Fortunately for him (even if not for the club’s fans, perhaps), Tim Sherwood became manager of Tottenham for the final five months of the 2013/14 season. While few others recognised Kane’s potential, Sherwood knew him well from his time as Spurs' technical co-ordinator, a job that included overall responsibility for the Academy.

(As an aside, it’s often a dream scenario for a homegrown player when the Academy manager becomes first-team boss, something that doesn’t happen too often. We saw the same thing when Neil Redfearn was promoted at Leeds United – he made Charlie Taylor, Sam Byram, Lewis Cook and Alex Mowatt the mainstays of his team. This shows why, at the very least, the first-team boss needs to talk to, and trust, the Academy manager).

Three months short of his 21st birthday, Kane was given his first Premier League start by Sherwood, against Sunderland on April 7th 2014. He scored. And he scored in the next game, against West Brom. And in the next game, too, against Fulham.

Although Sherwood went at the end of the season, Kane was lucky that the finest developer of youth among the Premier League managers, Mauricio Pochettino, replaced him. Kane didn't immediately convince the Argentine of his abilities, but by November 2014 he had established himself in the first team and has remained there ever since.

When you look at Kane now, it’s easy to forget the first opportunity he was given by Sherwood. Were it not for that chance, could he have been another Chalobah, farmed out on loan to six different clubs before being sold on?

Going out on loan isn't necessarily the panacea for a young player. At every new club they'll have a new manager, new team-mates and, as a temporary visitor, their own development will not be paramount.

As Jenas says, Kane was hardly pulling up trees during any of his loan spells, at Leyton Orient, Millwall, Norwich or Leicester. Once he got a run at Spurs, under Sherwood and then Pochettino, he developed and progressed very quickly as part of a stable, improving team.

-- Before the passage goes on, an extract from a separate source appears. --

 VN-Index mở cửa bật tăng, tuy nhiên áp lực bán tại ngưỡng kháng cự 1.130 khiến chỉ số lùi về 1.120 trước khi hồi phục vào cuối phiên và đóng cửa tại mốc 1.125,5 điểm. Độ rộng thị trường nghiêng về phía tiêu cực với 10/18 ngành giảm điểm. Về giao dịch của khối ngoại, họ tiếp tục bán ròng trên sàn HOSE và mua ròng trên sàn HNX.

McGleish continued to watch him closely and says: “I'm sure he's the same height, but just his presence in his chest and in his shoulders makes him look that much bigger. And that comes from playing, from thinking, 'Hello, I'm getting pushed off the ball a lot here, I better do something about it.'”

Now Spurs have a player who is conservatively valued at £100m and can spearhead their challenge for the title this season. Their fans have a world-class player about whom they can sing ‘he’s one of our own’. England, too, have a player capable of leading the line for a next decade.

At other clubs, you sometimes wonder what a young player has to do to get a chance. Sancho, the player of the tournament at the Euro Under-17s, couldn’t get into a single matchday squad at City before deciding to leave for Borussia Dortmund.

Chelsea won the FA Youth Cup in 2010, 2012, 2014, 2015, 2016 and 2017, as well as the Champions League in 2015 and 2016, but did not give a single Academy player a debut last season.

Arsene Wenger has said: “If I play a young central defender of 20 years old I know he will cost me points in the season and I have to stand up for that. If I play a 28 year old centre back, maybe less talented, he will cost me less points but I will not give a chance to a young player.

“As a manager, sometimes you feel lonely to stand up there and say, ‘no, I want this boy to play because he deserves it.’”

A senior figure at the Premier League told me there is now no doubt about the quality of the players being produced by the Academies, but lack of opportunity is still the major concern.

The final word here will go to Michael Mancienne, 29, who made only four appearances for Chelsea before being sold to Hamburg in 2011.

“The big thing I noticed in Germany is that teams would rather push through a youngster with potential than make a signing,” he said. “That is why their national team does so well and, maybe, why England doesn’t.”